2) Mencegah kegemukan
3) Menurunkan lemak darah (kolesterol)
4) Mencegah tekanan darah tinggi
5) Mengurangi resiko penyakit jantung koroner
6) Meningkatkan kualitas hidup dan kemampuan kerja. (Nabyl, 2009)

b. Prinsip
Prinsip olah raga pada DM sama saja dengan prinsip olahraga secara umum,
yaitu memenuhi hal berikut ini (F.I.T.T) :
Frekuensi : jumlah olah raga perminggu sebaiknya dilakukan secara teratur
Intensitas : ringan dan sedang yaitu 60 % - 70% MHR
Time (durasi) : 30 – 60 menit
Tipe (jenis) : olahraga endurance (aerobic) unuk meningkatkan
kemampuan kardiorespirasi seperti jalan, jogging, berenang, dan bersepeda.
(Ilyas(2009), dalam Soegondo, hal 76)

c. Jenis
Jenis olah raga yang baik untuk pengidap DM adalah olah raga yang
memperbaiki kesegaran jasmani. Oleh karena itu harus dipilih jenis olah raga
yang memperbaiki semua komponen kesegaran jasmani yaitu yang memenuhi
ketahanan, kekuatan, kelenturan tubuh, keseimbangan, ketangkasan, tenaga dan
kecepatan.
Contoh jenis-jenis olah raga yang di anjurkan utuk penderita DM, adalah :
1) Jogging
2) Senam aerobic
3) Bersepeda
4) Berenang
5) Jalan santai
6) Senam kesehatan jasmani (SKJ)

Jenis olah raga yang tersebut di atas adalah olah raga yang bersifat :
1) Continuous
Latihan yang diberikan harus berkesinambungan, dilakukan terus menerus
tanpa berhenti. Contoh : bila dipilih jogging 30 menit, maka selama 30 menit
pengidap melakukan jogging tanpa istirahat.
2) Rhythmical
Latihan olah raga harus dipilih yang berirama, yaitu otot-otot berkontraksi
dan relaksasi secara teratur. Contoh : latihan ritmis adalah jalan kaki,
jogging, berenang, bersepeda, mendayung.
3) Intensity
Latihan olah raga yang dilakukan selang seling antara gerak cepat dan
lambat. Misalnya, jalan cepat diselingi jalan lambat, jogging diselingi jalan.
Dengan kegiatan yang bergantian pengidap dapat bernafas dengan lega tanpa
menghentikan latihan sama sekali.
4) Progressive
Latihan yang dilakukan harus berangsur-angsur dari sedikit ke latihan yang
lebih berat, secara bertahap. Jadi beban latihan olah raga dinaikan sedikit
demi sedikit sesuai dengan pencapaian latihan sebelumnya.
5) Endurance
Latihan daya tahan tubuh memperbaiki system kardiovaskuler. Oleh karena
itu sebelum ikut program latihan olah raga, terhadap pengidap harus
dilakukan pemeriksaan kardiovaskuler (Ilyas(2009), dalam Soegondo)

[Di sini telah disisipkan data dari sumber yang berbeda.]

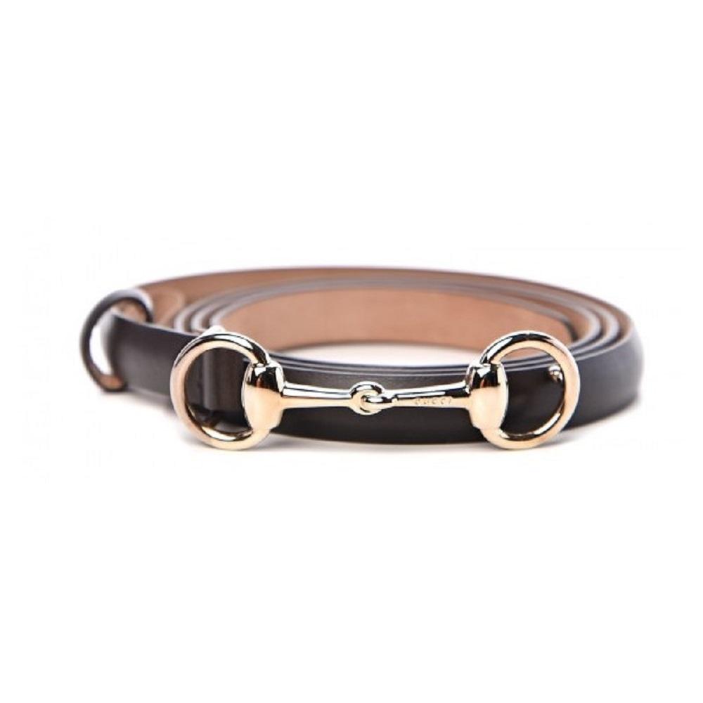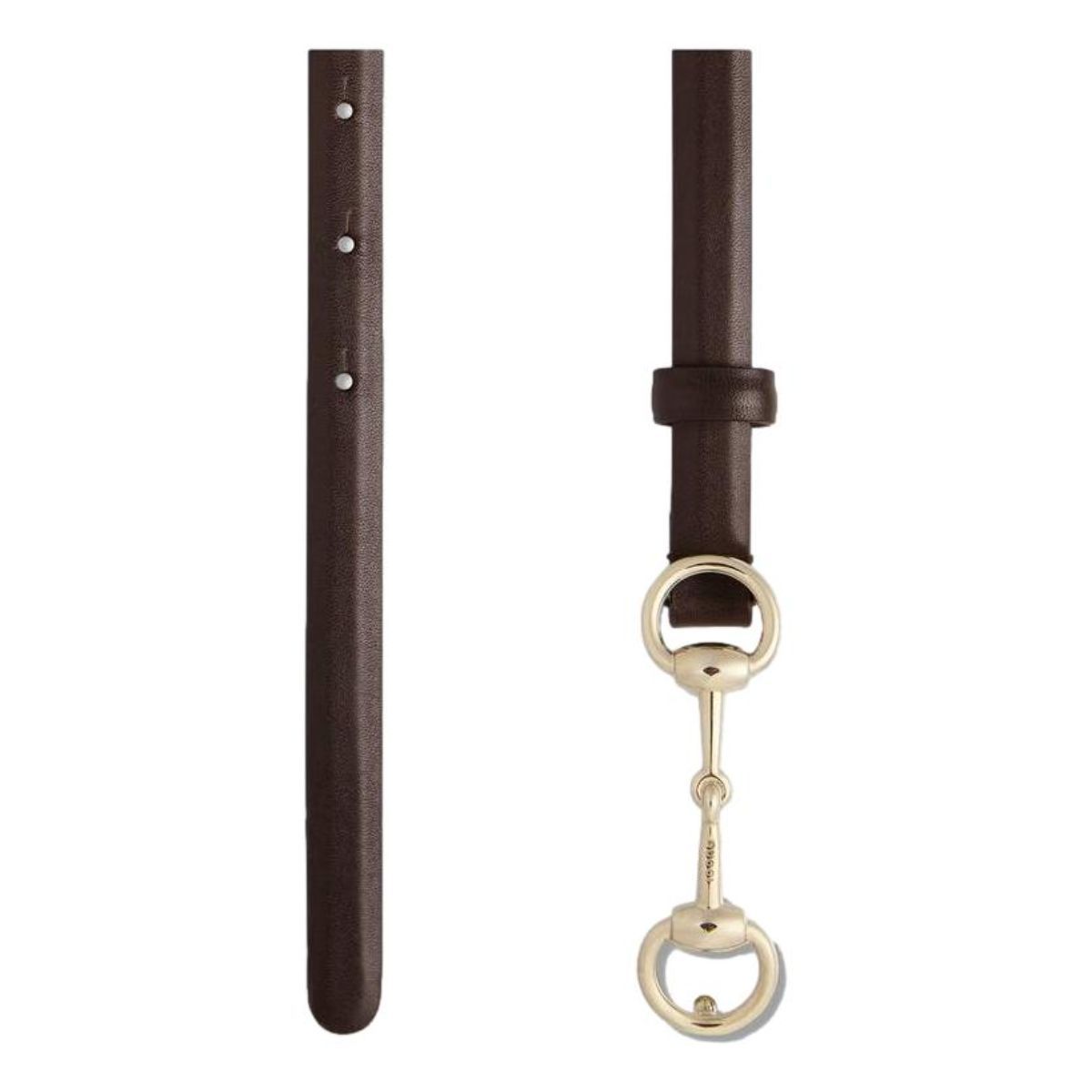Gucci Women's Skinny Horsebit Cocoa Brown Leather Belt Size 85/34 282349

d. Tahap-tahap yang dilakukan setiap latihan menurut Ilyas (2009), dalam


Soegondo :
1) Pemanasan (warming up)
Mengurangi kemungkinan terjadinya akibat berolahraga. Lama pemanasan
cukup 5 – 10 menit.
2) Latihan inti (conditioning)
Pada tahap ini denyut nadi di usahakan mencapai target tekanan darah
normal agar latihan benar-benar bermanfaat. Bila target normal tidak
tercapai maka latihan tidak bermanfaat, bila melebihi normal akan
menimbulkan resiko yang tidak diinginkan.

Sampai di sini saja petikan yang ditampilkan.